Raw data:
:::::

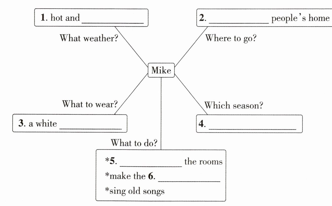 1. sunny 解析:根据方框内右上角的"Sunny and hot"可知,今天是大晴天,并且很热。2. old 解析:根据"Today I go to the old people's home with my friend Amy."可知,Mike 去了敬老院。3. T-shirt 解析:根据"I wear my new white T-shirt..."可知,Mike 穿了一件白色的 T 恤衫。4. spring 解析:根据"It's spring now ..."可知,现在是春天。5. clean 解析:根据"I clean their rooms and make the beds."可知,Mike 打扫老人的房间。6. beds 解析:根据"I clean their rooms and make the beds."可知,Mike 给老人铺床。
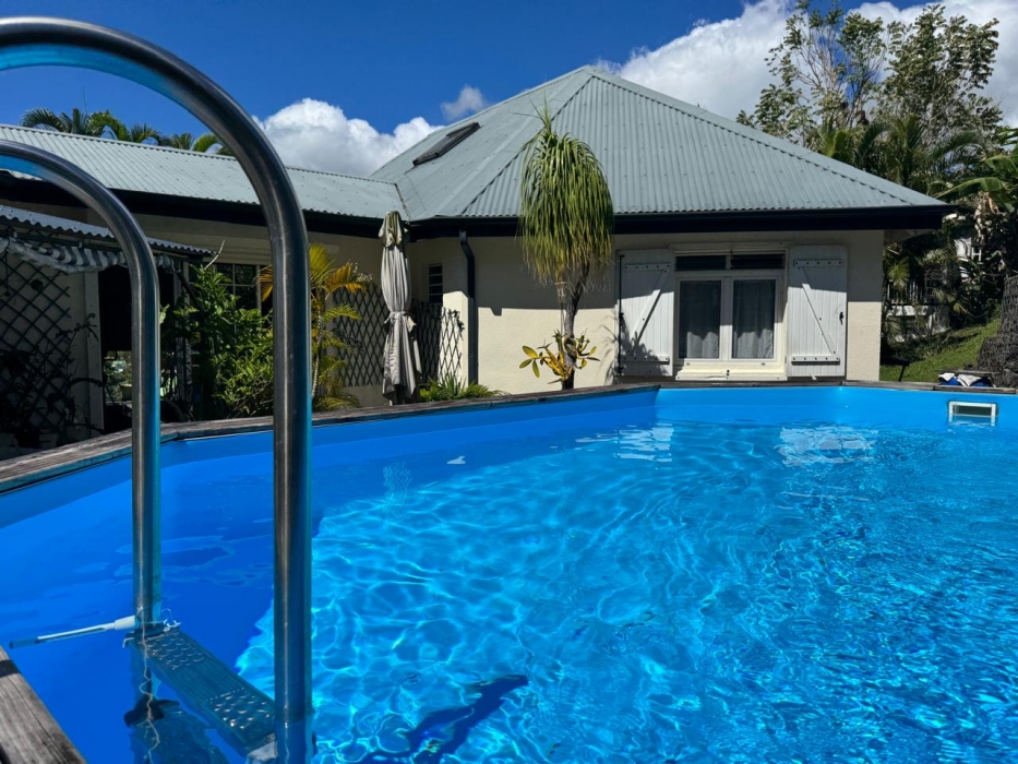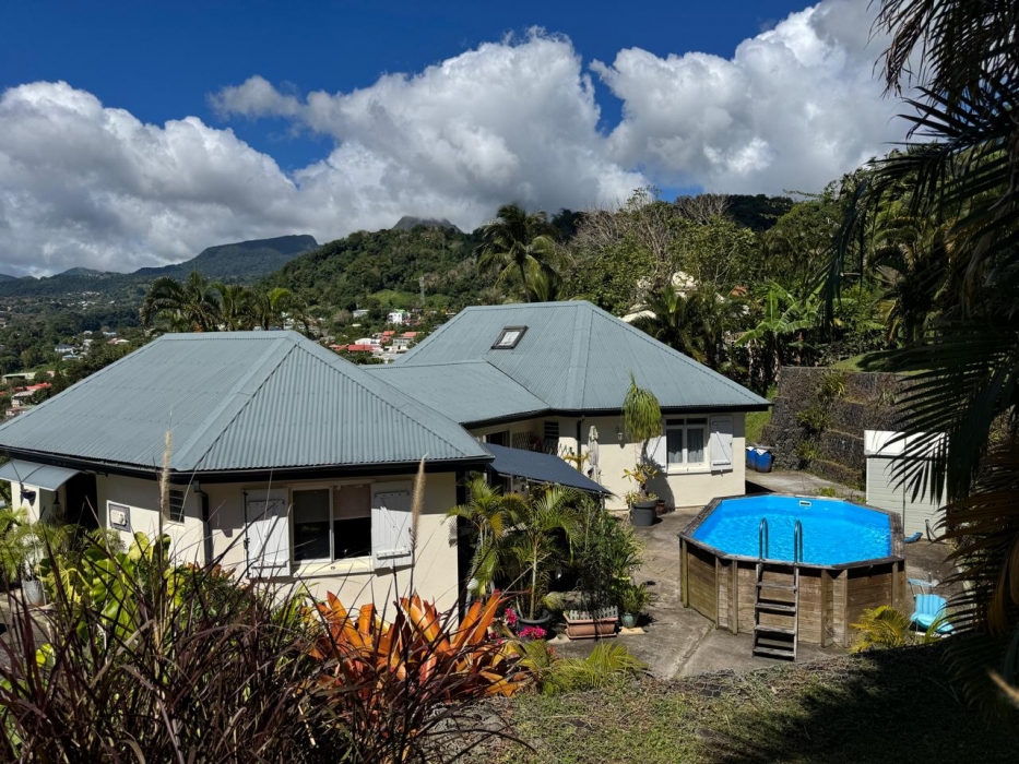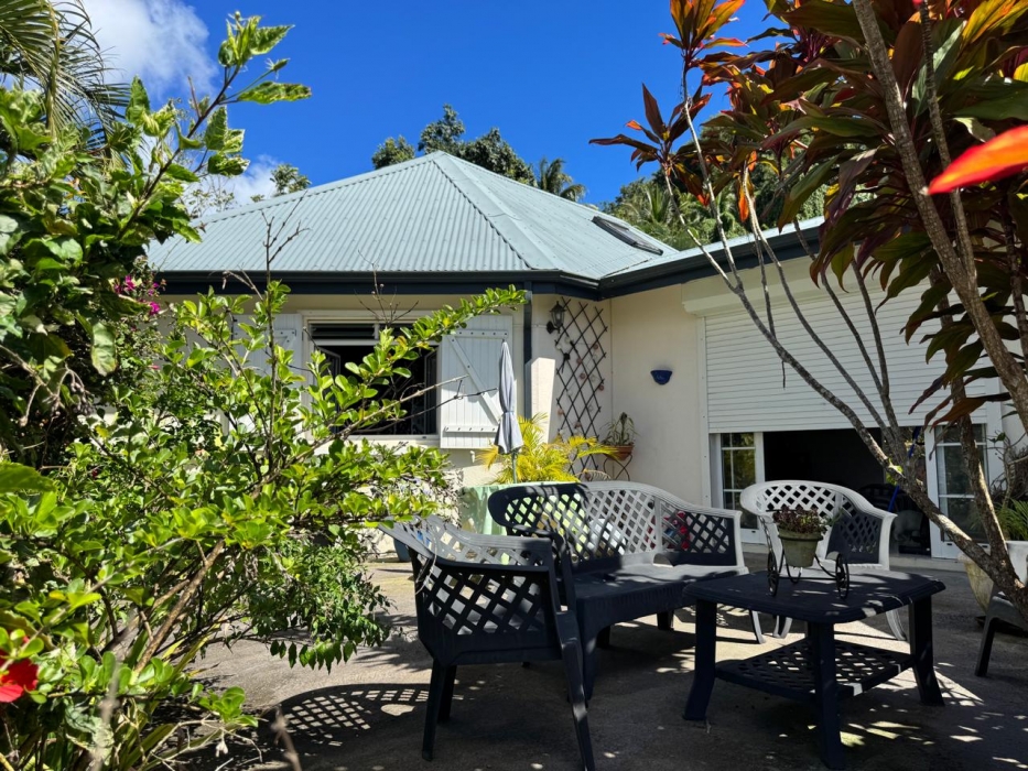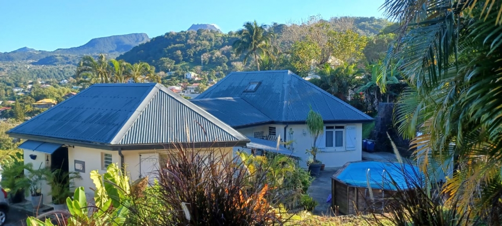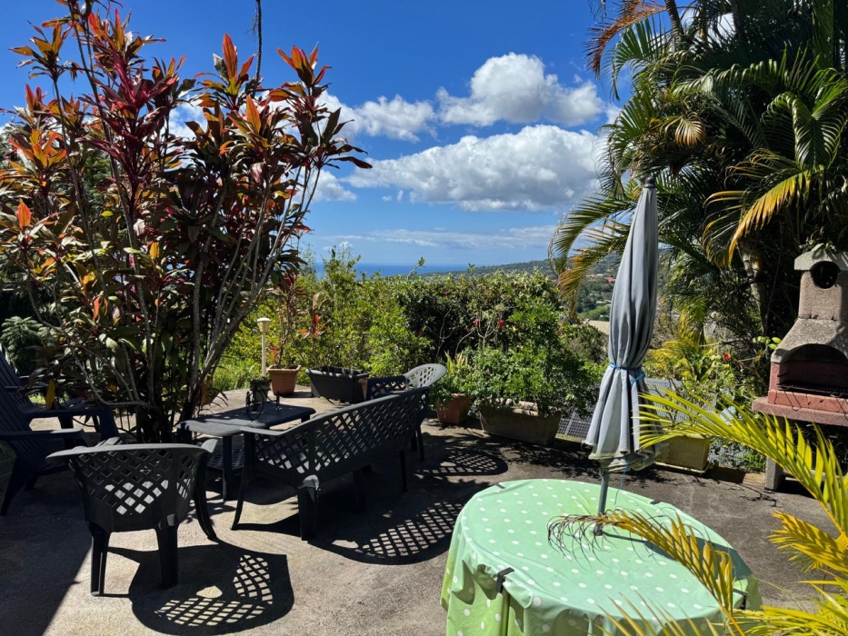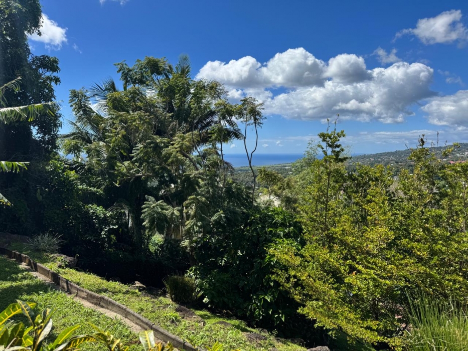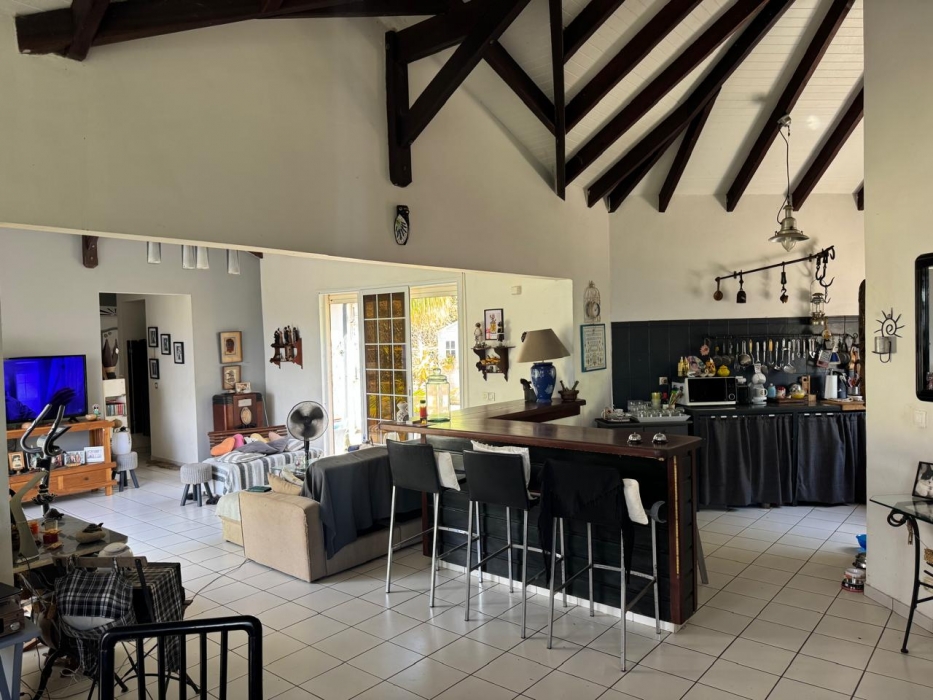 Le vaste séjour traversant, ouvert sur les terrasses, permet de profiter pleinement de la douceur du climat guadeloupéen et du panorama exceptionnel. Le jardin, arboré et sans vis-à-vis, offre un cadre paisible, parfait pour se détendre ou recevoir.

:::::

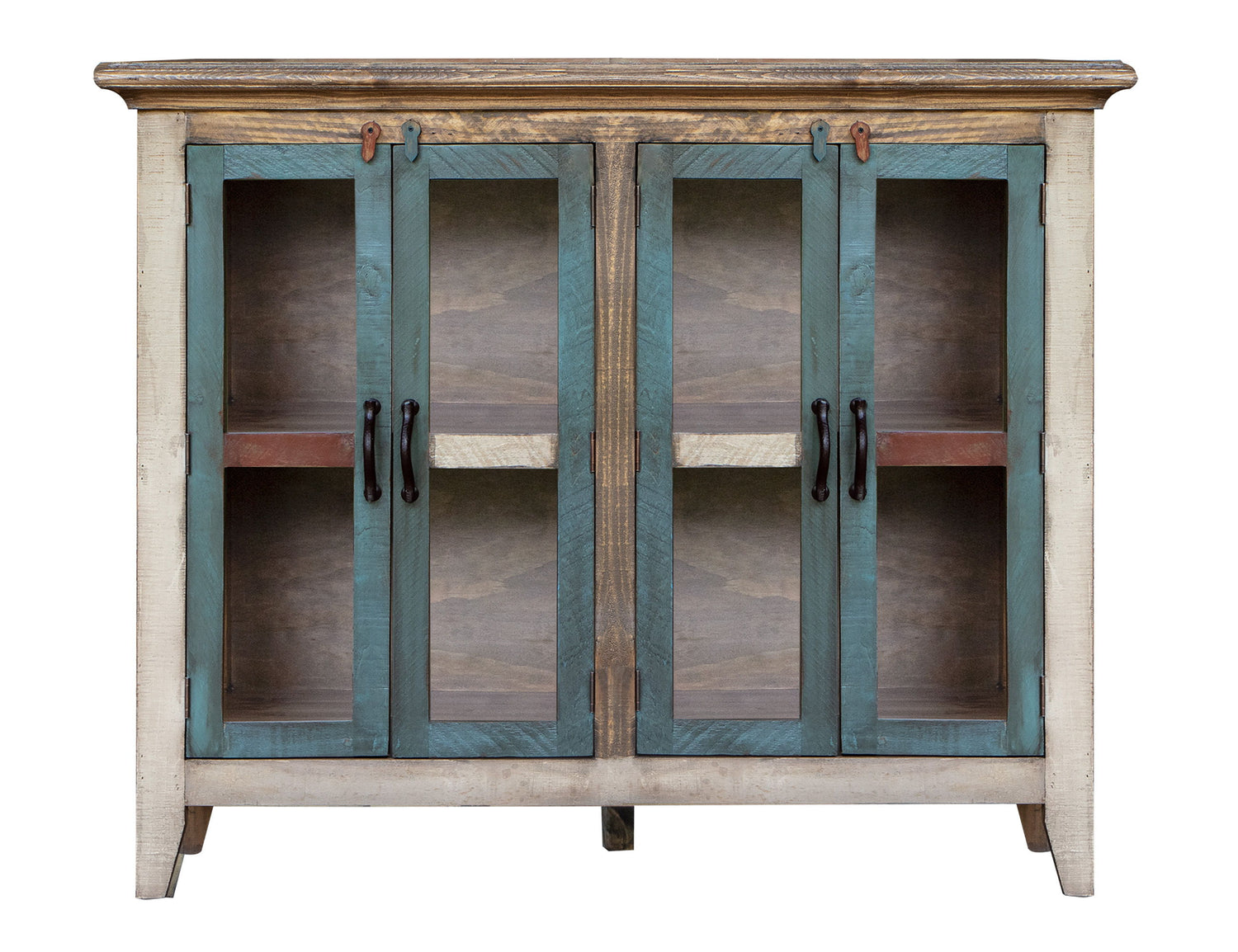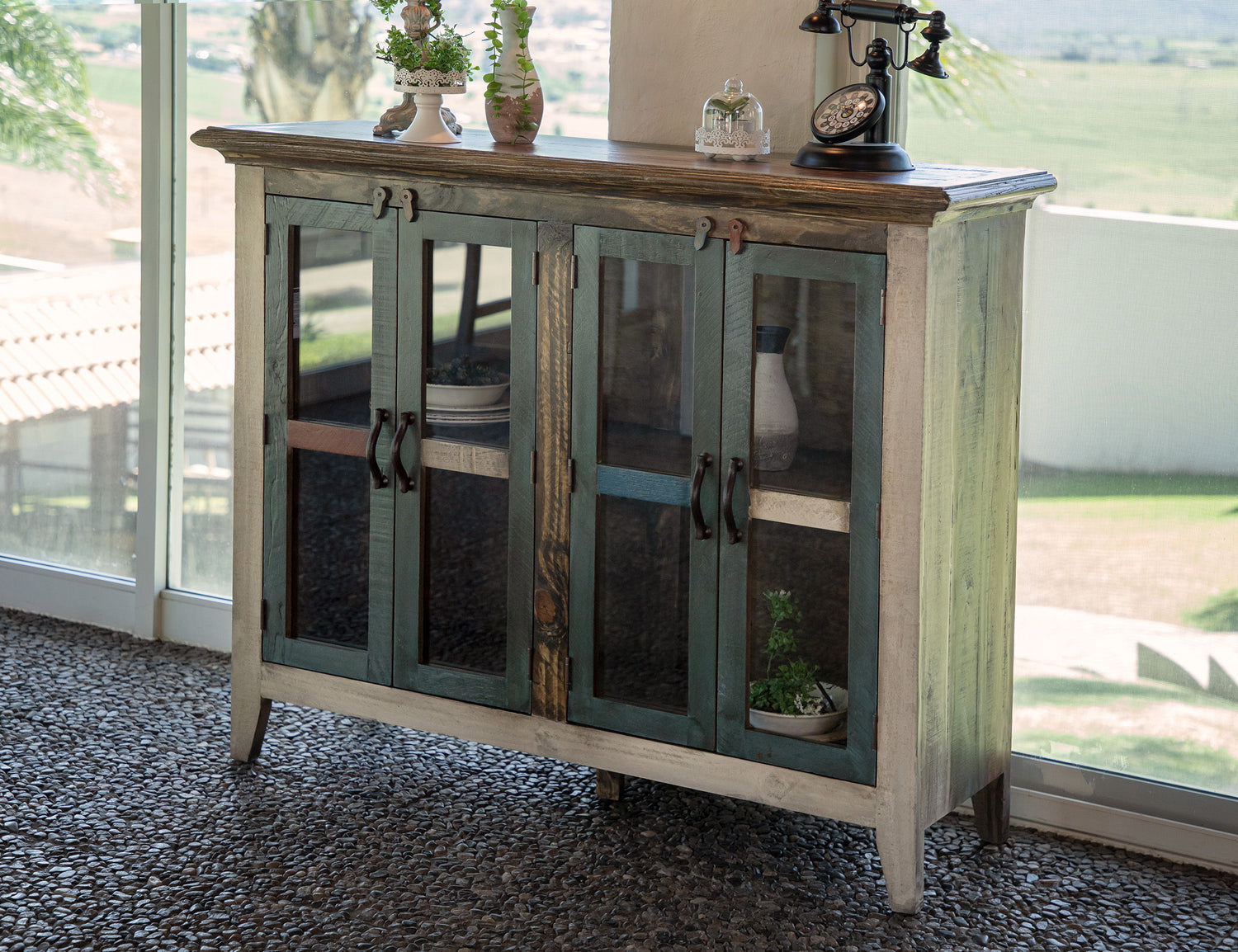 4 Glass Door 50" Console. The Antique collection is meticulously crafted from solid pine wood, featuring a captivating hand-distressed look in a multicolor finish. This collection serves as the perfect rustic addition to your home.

:::::

About this task:
Using the records above, print exactly the run of lines that starts with the line with "the old people's" and goes on through the line with "Le vaste séjour", pictures excluded.

Problem solution:
 1. sunny 解析:根据方框内右上角的"Sunny and hot"可知,今天是大晴天,并且很热。2. old 解析:根据"Today I go to the old people's home with my friend Amy."可知,Mike 去了敬老院。3. T-shirt 解析:根据"I wear my new white T-shirt..."可知,Mike 穿了一件白色的 T 恤衫。4. spring 解析:根据"It's spring now ..."可知,现在是春天。5. clean 解析:根据"I clean their rooms and make the beds."可知,Mike 打扫老人的房间。6. beds 解析:根据"I clean their rooms and make the beds."可知,Mike 给老人铺床。
 Le vaste séjour traversant, ouvert sur les terrasses, permet de profiter pleinement de la douceur du climat guadeloupéen et du panorama exceptionnel. Le jardin, arboré et sans vis-à-vis, offre un cadre paisible, parfait pour se détendre ou recevoir.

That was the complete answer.